**Task item**
Your job is to transcribe all the records that follow, excluding any pictures.

***** Input *****

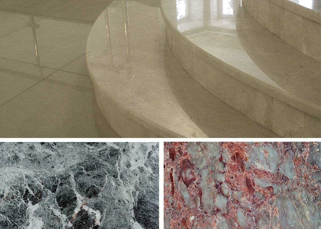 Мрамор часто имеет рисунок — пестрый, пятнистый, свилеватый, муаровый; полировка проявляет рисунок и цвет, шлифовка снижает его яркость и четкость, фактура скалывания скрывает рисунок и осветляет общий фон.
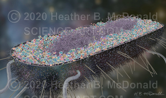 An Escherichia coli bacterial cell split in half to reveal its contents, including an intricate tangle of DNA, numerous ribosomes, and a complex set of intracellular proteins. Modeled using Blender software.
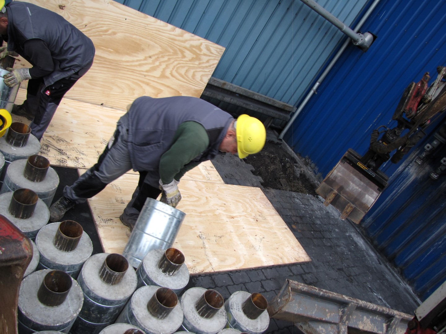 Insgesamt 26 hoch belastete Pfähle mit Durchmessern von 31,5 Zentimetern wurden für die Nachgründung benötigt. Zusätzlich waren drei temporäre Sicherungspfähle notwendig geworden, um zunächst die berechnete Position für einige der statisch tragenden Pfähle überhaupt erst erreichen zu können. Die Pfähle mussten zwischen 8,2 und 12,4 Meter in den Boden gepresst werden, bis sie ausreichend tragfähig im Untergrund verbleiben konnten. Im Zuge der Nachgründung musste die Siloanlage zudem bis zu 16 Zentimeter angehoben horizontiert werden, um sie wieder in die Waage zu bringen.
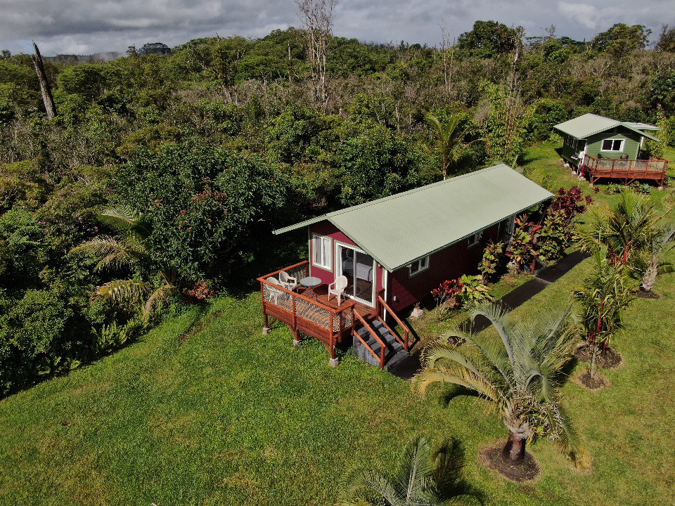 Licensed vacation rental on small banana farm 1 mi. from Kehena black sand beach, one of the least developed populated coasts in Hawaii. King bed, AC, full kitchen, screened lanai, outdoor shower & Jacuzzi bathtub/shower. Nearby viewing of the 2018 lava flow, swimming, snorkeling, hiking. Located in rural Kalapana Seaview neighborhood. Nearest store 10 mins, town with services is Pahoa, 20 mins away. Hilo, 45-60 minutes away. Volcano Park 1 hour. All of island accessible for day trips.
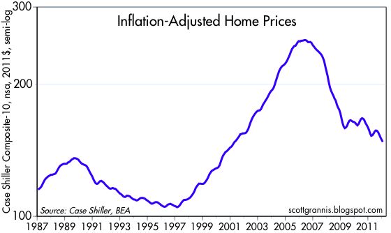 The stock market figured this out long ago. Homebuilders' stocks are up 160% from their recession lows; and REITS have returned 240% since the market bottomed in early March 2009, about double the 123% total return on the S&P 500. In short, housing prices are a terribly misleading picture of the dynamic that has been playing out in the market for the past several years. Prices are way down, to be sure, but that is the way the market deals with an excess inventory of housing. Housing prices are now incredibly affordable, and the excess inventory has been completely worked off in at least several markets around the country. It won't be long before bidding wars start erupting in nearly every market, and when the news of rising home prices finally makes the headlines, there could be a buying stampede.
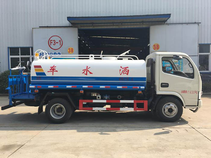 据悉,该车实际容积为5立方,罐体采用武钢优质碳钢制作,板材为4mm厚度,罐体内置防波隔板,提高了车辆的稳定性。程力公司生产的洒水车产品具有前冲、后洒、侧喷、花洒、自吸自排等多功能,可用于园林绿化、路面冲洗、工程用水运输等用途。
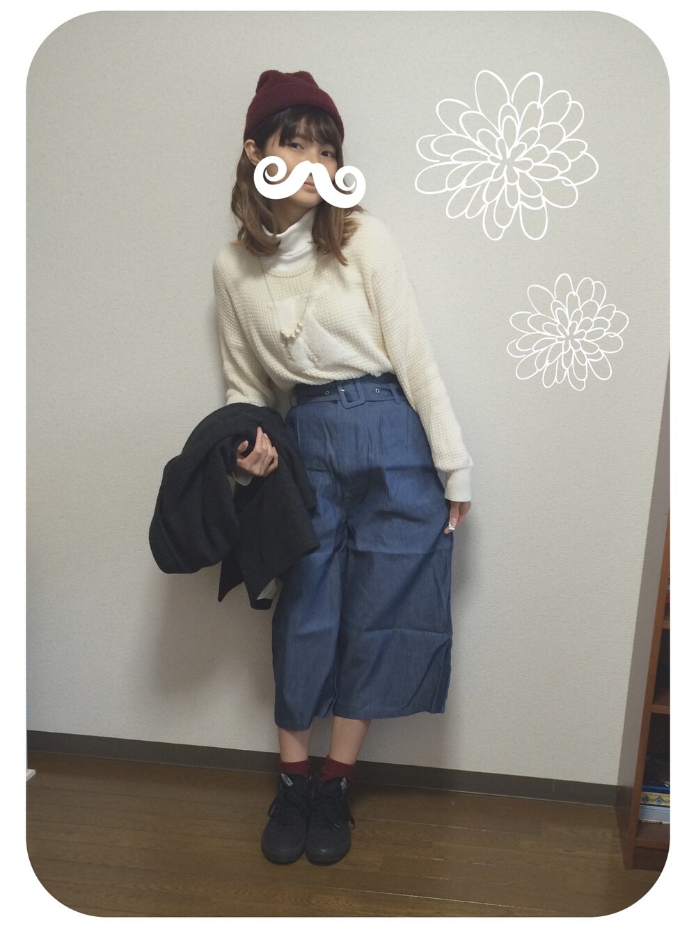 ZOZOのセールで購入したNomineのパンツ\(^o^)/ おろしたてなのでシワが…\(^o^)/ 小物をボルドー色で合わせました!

*****

**Task output**
 Мрамор часто имеет рисунок — пестрый, пятнистый, свилеватый, муаровый; полировка проявляет рисунок и цвет, шлифовка снижает его яркость и четкость, фактура скалывания скрывает рисунок и осветляет общий фон.
 An Escherichia coli bacterial cell split in half to reveal its contents, including an intricate tangle of DNA, numerous ribosomes, and a complex set of intracellular proteins. Modeled using Blender software.
 Insgesamt 26 hoch belastete Pfähle mit Durchmessern von 31,5 Zentimetern wurden für die Nachgründung benötigt. Zusätzlich waren drei temporäre Sicherungspfähle notwendig geworden, um zunächst die berechnete Position für einige der statisch tragenden Pfähle überhaupt erst erreichen zu können. Die Pfähle mussten zwischen 8,2 und 12,4 Meter in den Boden gepresst werden, bis sie ausreichend tragfähig im Untergrund verbleiben konnten. Im Zuge der Nachgründung musste die Siloanlage zudem bis zu 16 Zentimeter angehoben horizontiert werden, um sie wieder in die Waage zu bringen.
 Licensed vacation rental on small banana farm 1 mi. from Kehena black sand beach, one of the least developed populated coasts in Hawaii. King bed, AC, full kitchen, screened lanai, outdoor shower & Jacuzzi bathtub/shower. Nearby viewing of the 2018 lava flow, swimming, snorkeling, hiking. Located in rural Kalapana Seaview neighborhood. Nearest store 10 mins, town with services is Pahoa, 20 mins away. Hilo, 45-60 minutes away. Volcano Park 1 hour. All of island accessible for day trips.
 The stock market figured this out long ago. Homebuilders' stocks are up 160% from their recession lows; and REITS have returned 240% since the market bottomed in early March 2009, about double the 123% total return on the S&P 500. In short, housing prices are a terribly misleading picture of the dynamic that has been playing out in the market for the past several years. Prices are way down, to be sure, but that is the way the market deals with an excess inventory of housing. Housing prices are now incredibly affordable, and the excess inventory has been completely worked off in at least several markets around the country. It won't be long before bidding wars start erupting in nearly every market, and when the news of rising home prices finally makes the headlines, there could be a buying stampede.
 据悉,该车实际容积为5立方,罐体采用武钢优质碳钢制作,板材为4mm厚度,罐体内置防波隔板,提高了车辆的稳定性。程力公司生产的洒水车产品具有前冲、后洒、侧喷、花洒、自吸自排等多功能,可用于园林绿化、路面冲洗、工程用水运输等用途。
 ZOZOのセールで購入したNomineのパンツ\(^o^)/ おろしたてなのでシワが…\(^o^)/ 小物をボルドー色で合わせました!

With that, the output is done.